- _EXTRACTED DATA_:
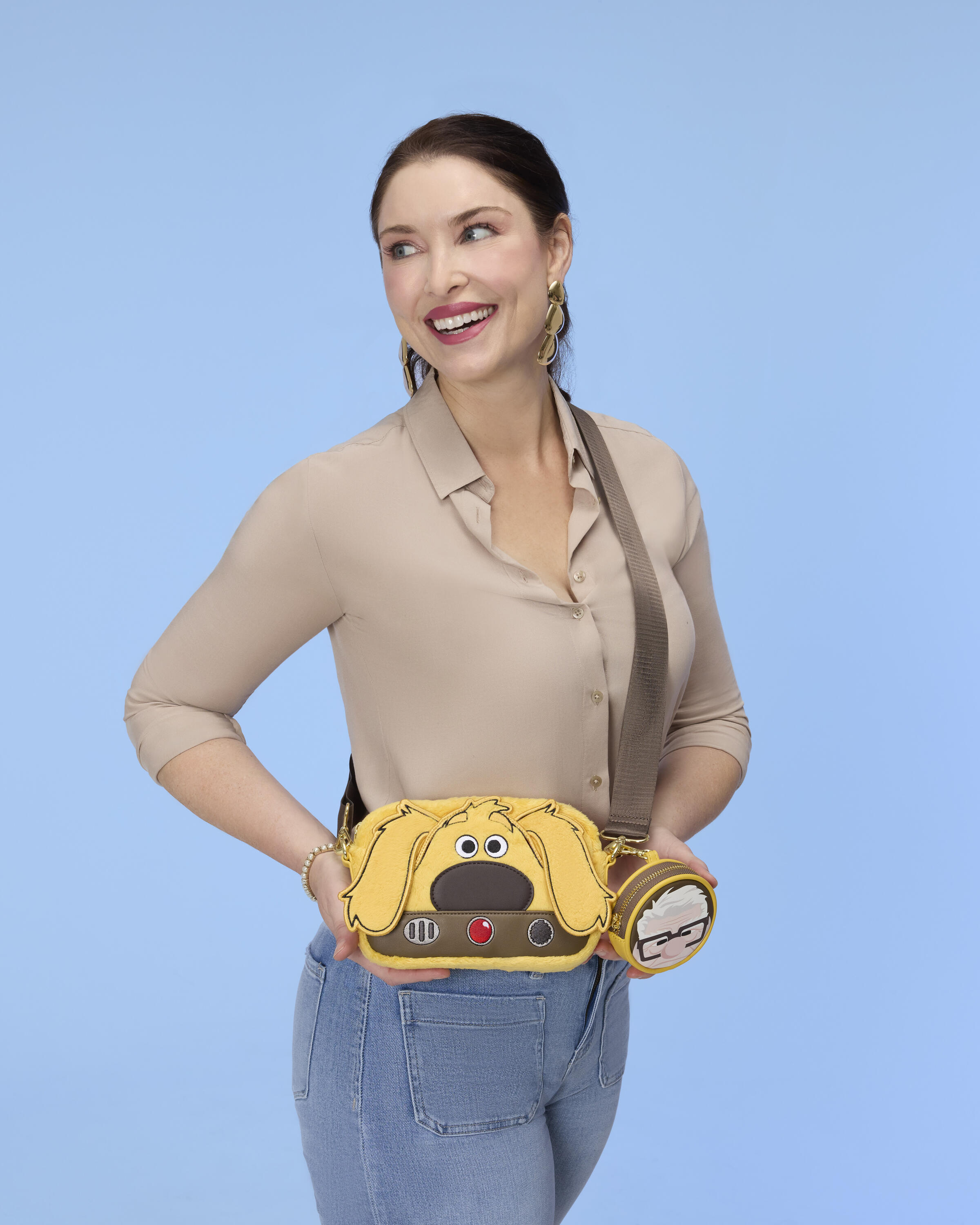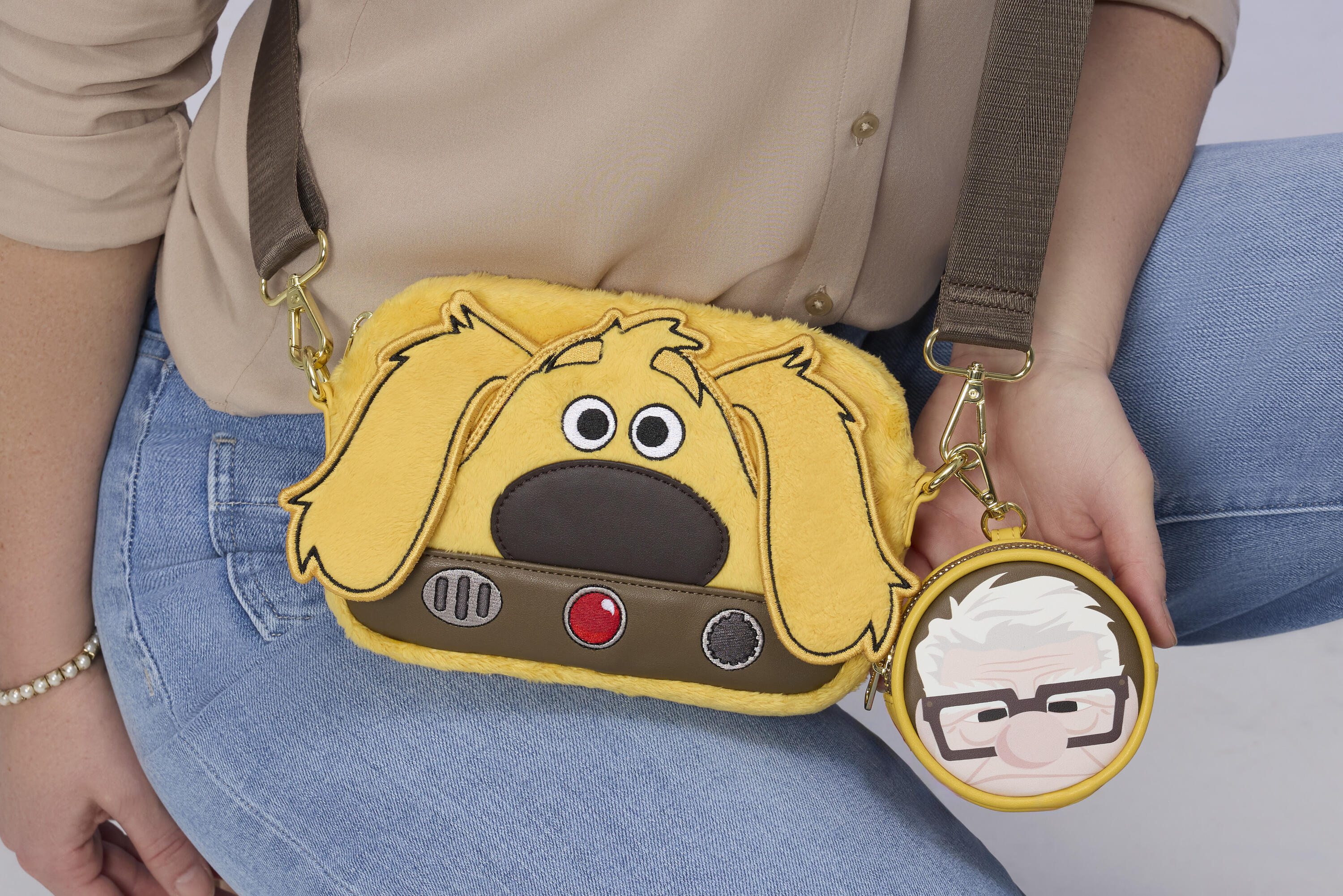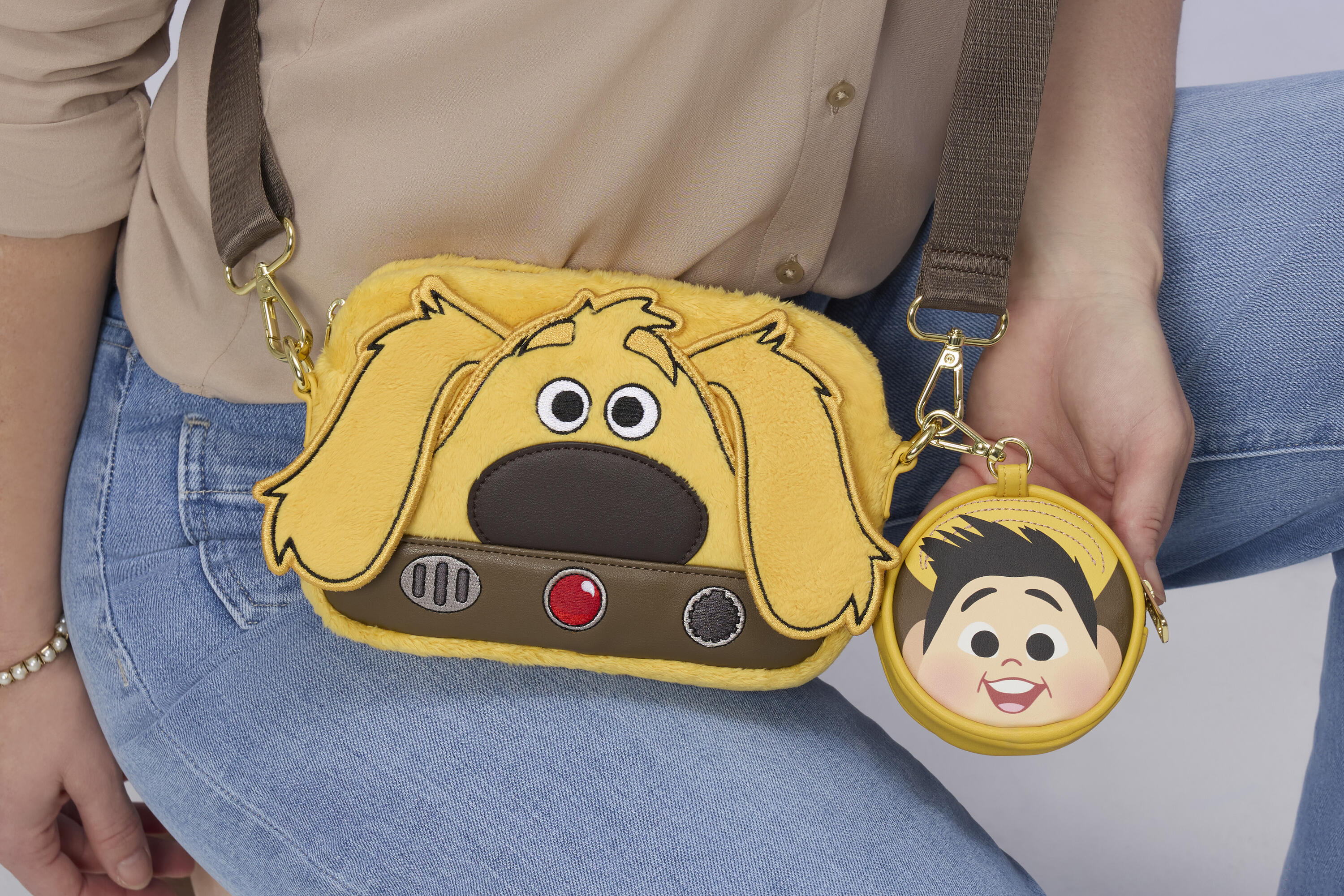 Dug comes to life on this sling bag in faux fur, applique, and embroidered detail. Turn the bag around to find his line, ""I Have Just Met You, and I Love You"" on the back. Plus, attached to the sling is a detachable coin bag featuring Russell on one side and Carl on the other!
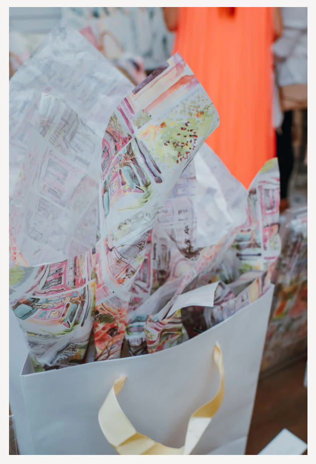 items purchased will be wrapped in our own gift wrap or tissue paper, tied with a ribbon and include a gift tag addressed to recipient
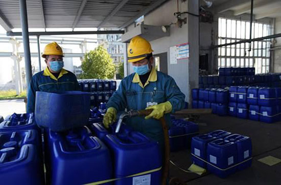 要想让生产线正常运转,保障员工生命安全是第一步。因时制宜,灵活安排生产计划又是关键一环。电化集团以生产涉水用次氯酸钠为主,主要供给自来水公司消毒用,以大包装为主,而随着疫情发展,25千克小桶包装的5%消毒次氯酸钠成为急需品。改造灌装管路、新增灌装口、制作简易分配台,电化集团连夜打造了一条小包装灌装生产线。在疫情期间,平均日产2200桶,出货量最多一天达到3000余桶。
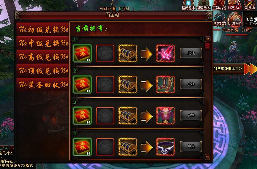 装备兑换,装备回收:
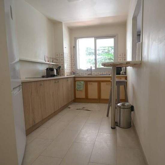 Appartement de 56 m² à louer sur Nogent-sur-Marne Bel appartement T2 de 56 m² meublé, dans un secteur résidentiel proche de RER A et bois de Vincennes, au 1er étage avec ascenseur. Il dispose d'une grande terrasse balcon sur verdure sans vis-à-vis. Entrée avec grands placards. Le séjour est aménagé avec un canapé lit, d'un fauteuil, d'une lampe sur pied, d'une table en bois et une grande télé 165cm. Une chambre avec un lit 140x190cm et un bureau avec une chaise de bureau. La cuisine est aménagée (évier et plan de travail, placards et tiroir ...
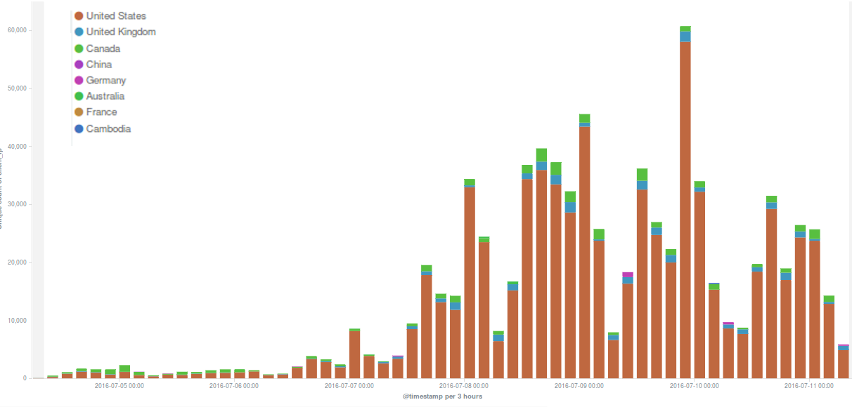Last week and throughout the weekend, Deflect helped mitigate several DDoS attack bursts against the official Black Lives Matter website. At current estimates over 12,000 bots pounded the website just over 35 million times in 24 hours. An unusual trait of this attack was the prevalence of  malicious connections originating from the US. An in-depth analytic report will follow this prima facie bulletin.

- _ACTIVITY_:
The answer must be the full listing, restated word for word, with no pictures in it.

- _RESPONSE TO THIS TASK_:
 Dug comes to life on this sling bag in faux fur, applique, and embroidered detail. Turn the bag around to find his line, ""I Have Just Met You, and I Love You"" on the back. Plus, attached to the sling is a detachable coin bag featuring Russell on one side and Carl on the other!
 items purchased will be wrapped in our own gift wrap or tissue paper, tied with a ribbon and include a gift tag addressed to recipient
 要想让生产线正常运转,保障员工生命安全是第一步。因时制宜,灵活安排生产计划又是关键一环。电化集团以生产涉水用次氯酸钠为主,主要供给自来水公司消毒用,以大包装为主,而随着疫情发展,25千克小桶包装的5%消毒次氯酸钠成为急需品。改造灌装管路、新增灌装口、制作简易分配台,电化集团连夜打造了一条小包装灌装生产线。在疫情期间,平均日产2200桶,出货量最多一天达到3000余桶。
 装备兑换,装备回收:
 Appartement de 56 m² à louer sur Nogent-sur-Marne Bel appartement T2 de 56 m² meublé, dans un secteur résidentiel proche de RER A et bois de Vincennes, au 1er étage avec ascenseur. Il dispose d'une grande terrasse balcon sur verdure sans vis-à-vis. Entrée avec grands placards. Le séjour est aménagé avec un canapé lit, d'un fauteuil, d'une lampe sur pied, d'une table en bois et une grande télé 165cm. Une chambre avec un lit 140x190cm et un bureau avec une chaise de bureau. La cuisine est aménagée (évier et plan de travail, placards et tiroir ...
Last week and throughout the weekend, Deflect helped mitigate several DDoS attack bursts against the official Black Lives Matter website. At current estimates over 12,000 bots pounded the website just over 35 million times in 24 hours. An unusual trait of this attack was the prevalence of  malicious connections originating from the US. An in-depth analytic report will follow this prima facie bulletin.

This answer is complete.